PROBLEM DESCRIPTION: Full transcription, minus images: write out the listing below exactly as it appears.

TASK DATA:
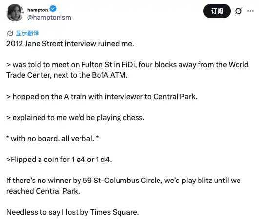 A Twitter user, Hampton, shared a memory of his 2012 interview. It reads somewhat like dark humor: they met in the financial district near Fulton Street, next to a Bank of America ATM near the World Trade Center. Then the interviewer took him on the A train towards Central Park. They played international chess on the subway. However, they had no board; it was all verbal. They tossed a coin to decide whether to start with 1.e4 or 1.d4. If they hadn't determined a winner by Columbus Circle on 59th Street, they would start speed chess until Central Park. Hampton said he lost at Times Square station.
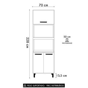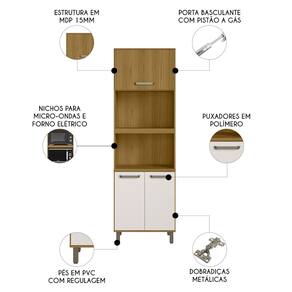 O Paneleiro conta com Nicho Para Micro-ondas e forno elétrico, mantendo seus eletrodomésticos essenciais em um só lugar e trazendo mais praticidade no seu dia a dia. Dispõe de uma porta basculante na parte superior e duas portas convencionais na parte inferior, com pistão a gás e dobradiças metálicas que proporcionam uma abertura suave e controlada, enquanto os puxadores em polímero completam o visual do Paneleiro Torre Quente de forma sofisticada e impecável.
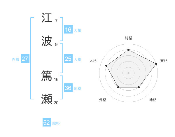 江波 篤瀬さんを姓名の画数から五運を鑑定
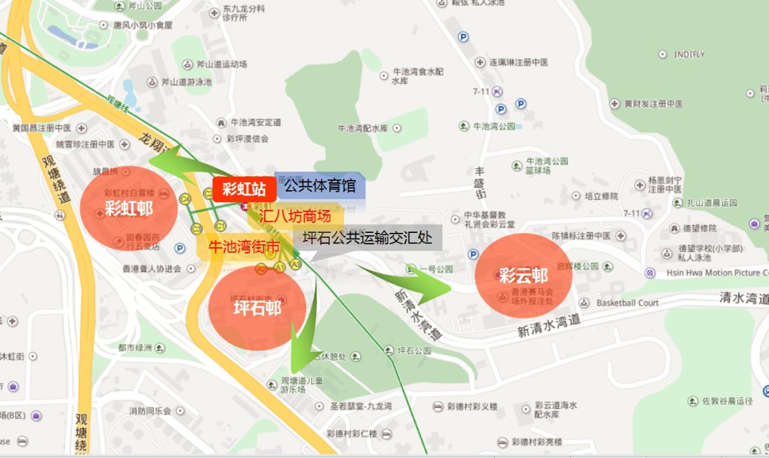 彩虹邨和坪石邨及彩虹站同屬黃大仙區(qū),彩虹站與黃大仙站相距兩站之遙,也是一個典型的“站城一體化”發(fā)展樣板,與黃大仙站發(fā)展理念一致:以地鐵站為中心,周圍布局綜合物業(yè),地鐵站上蓋為“匯八坊”大型綜合商業(yè)大樓,樓內一二層為“坪石公共運輸交匯處”,設有巴士總站、小巴站、的士站和上下客處。
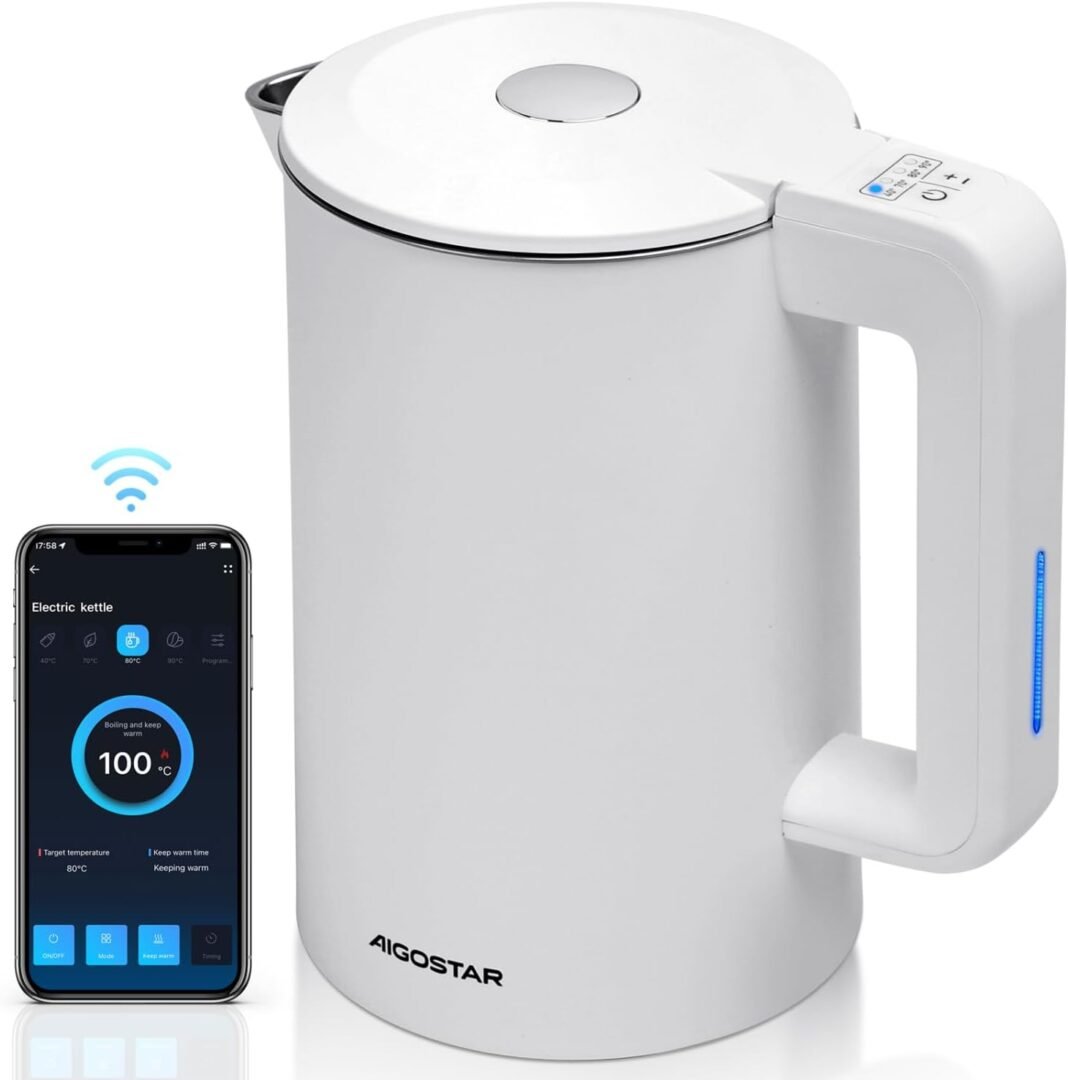 Aigostar – Inteligente Hervidor de Agua Temperatura Regulable de 40 ° C A 100 ° C, Conexión Wi -Fi, Alexa y Google Dwelling. Doble Pared de Acero inoxidable, 2200W, 1,7L, Mantener Caliente 24 Hora, Blanco
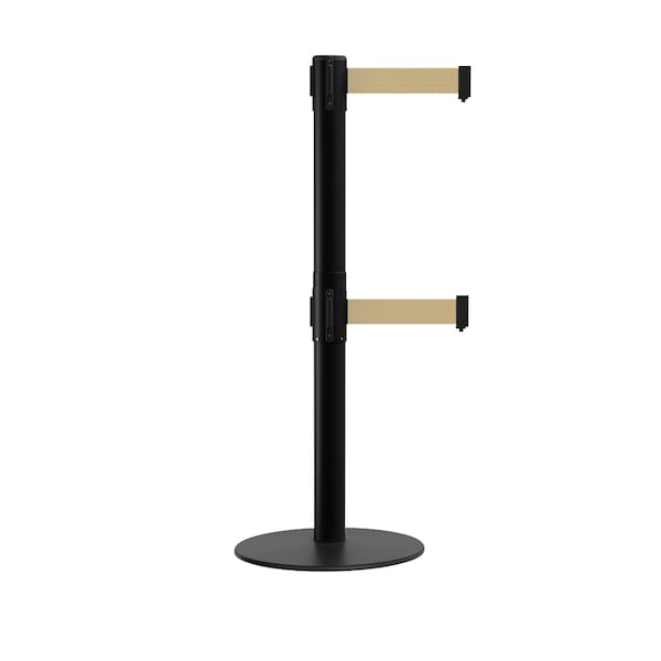 Stanchion Dual Belt Barrier Flat Base Black Post 13ft. Lt BrownBelt
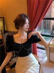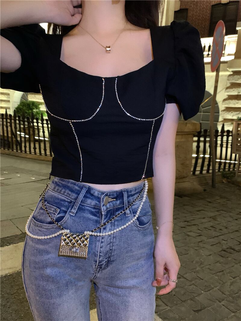 甘くてスパイシーなブラウス、女性の夏のデザイン、ニッチな服、セクシーな短いフレンチスクエアカラーのパフスリーブシャツ micat13247078600
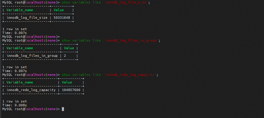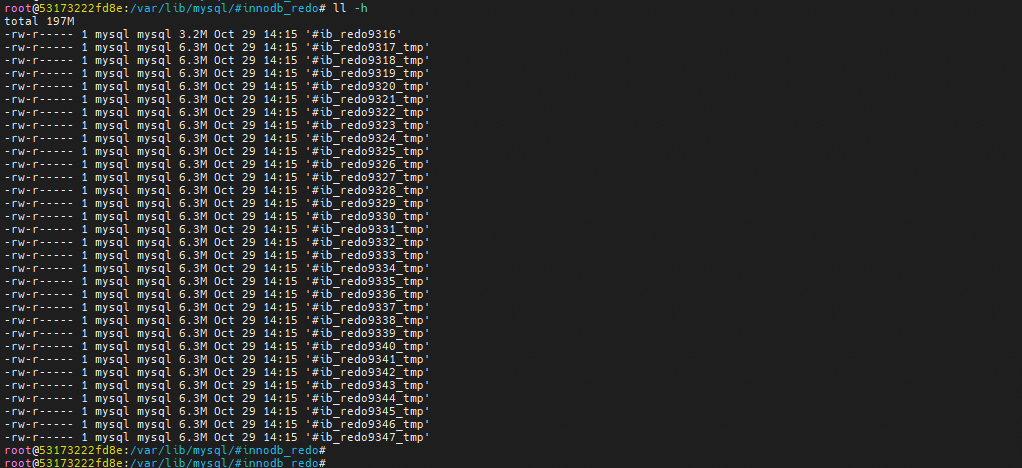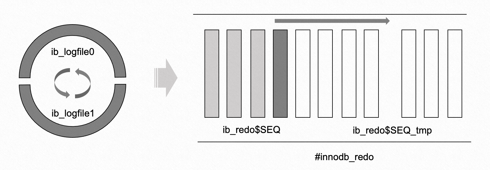 - normal redo 文件,命名为 ib_redo$SEQ,正常的 redo 文件,和以前一样,任意时刻只会有一个 redo 文件进行写入;
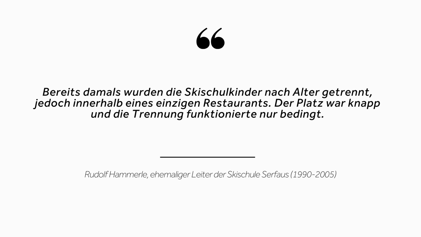 Für eine Antwort auf meine Frage, warum bereits in den Siebzigern die Notwendigkeit eines eigenen Kinderrestaurants bestand, treffe ich mich mit dem ehemaligen Leiter der Skischule Serfaus Rudolf Hammerle (1990-2005). Er ist Vollblut-Skifahrer, den es auch im höheren Alter auf der Piste keinesfalls stinglt und der es wissen muss: Schließlich hat der charismatische Tiroler die Entwicklung der Skischule und der Region maßgeblich beeinflusst.
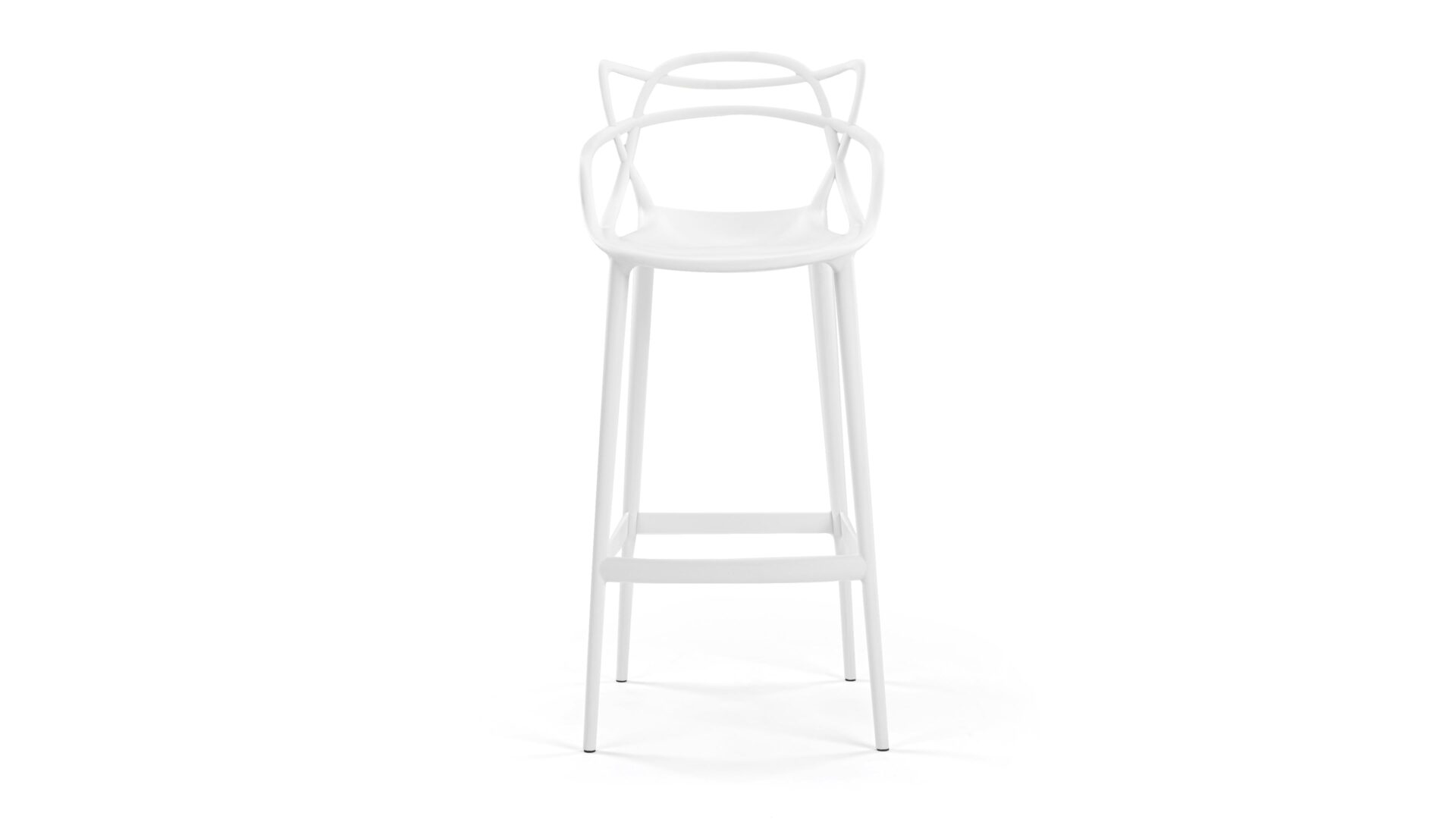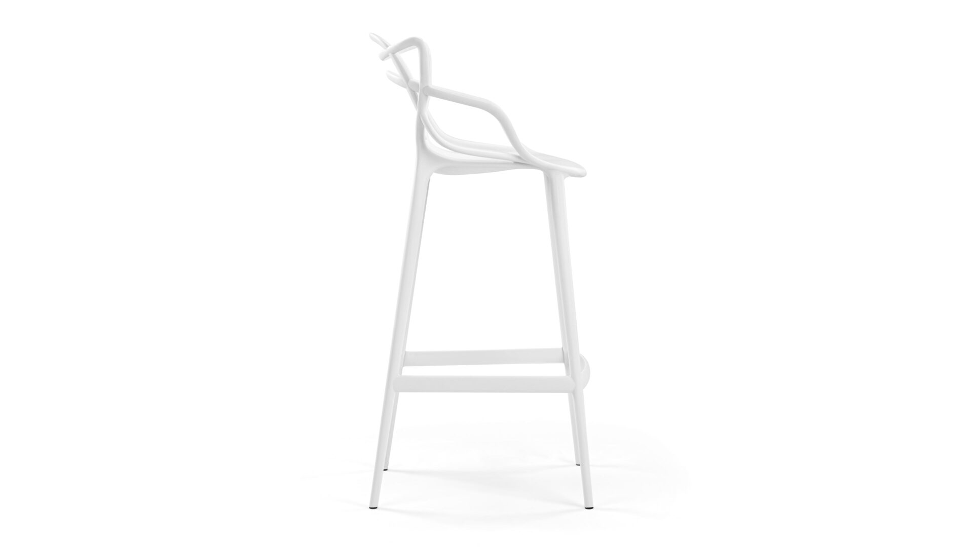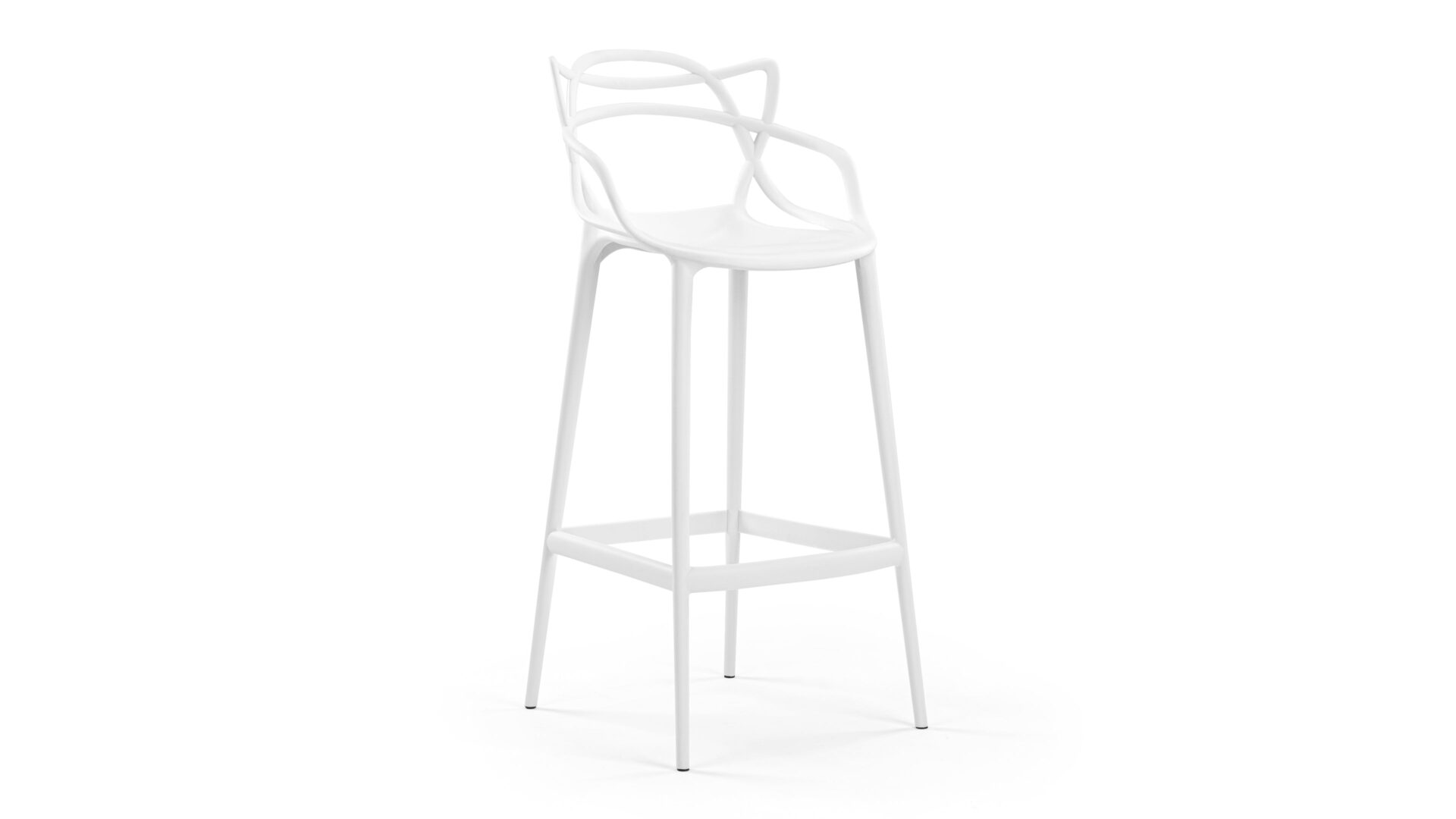 Introducing the Master's Collection, a timeless dining chair showcasing a blend of modern and iconic design. With a chic white finish, this chair is elegantly crafted with a unique contemporary backrest and tapered legs, embodying a democratic design that combines grace and practicality. The Masters Bar Stool in white offers exquisite contemporary style inspired by iconic designs from the 20th century, featuring seamless fluidity and dynamic presence, making it a versatile and weather-resistant piece perfect for indoor or outdoor settings.

ANSWER FOR THIS EXERCISE:
 A Twitter user, Hampton, shared a memory of his 2012 interview. It reads somewhat like dark humor: they met in the financial district near Fulton Street, next to a Bank of America ATM near the World Trade Center. Then the interviewer took him on the A train towards Central Park. They played international chess on the subway. However, they had no board; it was all verbal. They tossed a coin to decide whether to start with 1.e4 or 1.d4. If they hadn't determined a winner by Columbus Circle on 59th Street, they would start speed chess until Central Park. Hampton said he lost at Times Square station.
 O Paneleiro conta com Nicho Para Micro-ondas e forno elétrico, mantendo seus eletrodomésticos essenciais em um só lugar e trazendo mais praticidade no seu dia a dia. Dispõe de uma porta basculante na parte superior e duas portas convencionais na parte inferior, com pistão a gás e dobradiças metálicas que proporcionam uma abertura suave e controlada, enquanto os puxadores em polímero completam o visual do Paneleiro Torre Quente de forma sofisticada e impecável.
 江波 篤瀬さんを姓名の画数から五運を鑑定
 彩虹邨和坪石邨及彩虹站同屬黃大仙區(qū),彩虹站與黃大仙站相距兩站之遙,也是一個典型的“站城一體化”發(fā)展樣板,與黃大仙站發(fā)展理念一致:以地鐵站為中心,周圍布局綜合物業(yè),地鐵站上蓋為“匯八坊”大型綜合商業(yè)大樓,樓內一二層為“坪石公共運輸交匯處”,設有巴士總站、小巴站、的士站和上下客處。
 Aigostar – Inteligente Hervidor de Agua Temperatura Regulable de 40 ° C A 100 ° C, Conexión Wi -Fi, Alexa y Google Dwelling. Doble Pared de Acero inoxidable, 2200W, 1,7L, Mantener Caliente 24 Hora, Blanco
 Stanchion Dual Belt Barrier Flat Base Black Post 13ft. Lt BrownBelt
 甘くてスパイシーなブラウス、女性の夏のデザイン、ニッチな服、セクシーな短いフレンチスクエアカラーのパフスリーブシャツ micat13247078600
 - normal redo 文件,命名为 ib_redo$SEQ,正常的 redo 文件,和以前一样,任意时刻只会有一个 redo 文件进行写入;
 Für eine Antwort auf meine Frage, warum bereits in den Siebzigern die Notwendigkeit eines eigenen Kinderrestaurants bestand, treffe ich mich mit dem ehemaligen Leiter der Skischule Serfaus Rudolf Hammerle (1990-2005). Er ist Vollblut-Skifahrer, den es auch im höheren Alter auf der Piste keinesfalls stinglt und der es wissen muss: Schließlich hat der charismatische Tiroler die Entwicklung der Skischule und der Region maßgeblich beeinflusst.
 Introducing the Master's Collection, a timeless dining chair showcasing a blend of modern and iconic design. With a chic white finish, this chair is elegantly crafted with a unique contemporary backrest and tapered legs, embodying a democratic design that combines grace and practicality. The Masters Bar Stool in white offers exquisite contemporary style inspired by iconic designs from the 20th century, featuring seamless fluidity and dynamic presence, making it a versatile and weather-resistant piece perfect for indoor or outdoor settings.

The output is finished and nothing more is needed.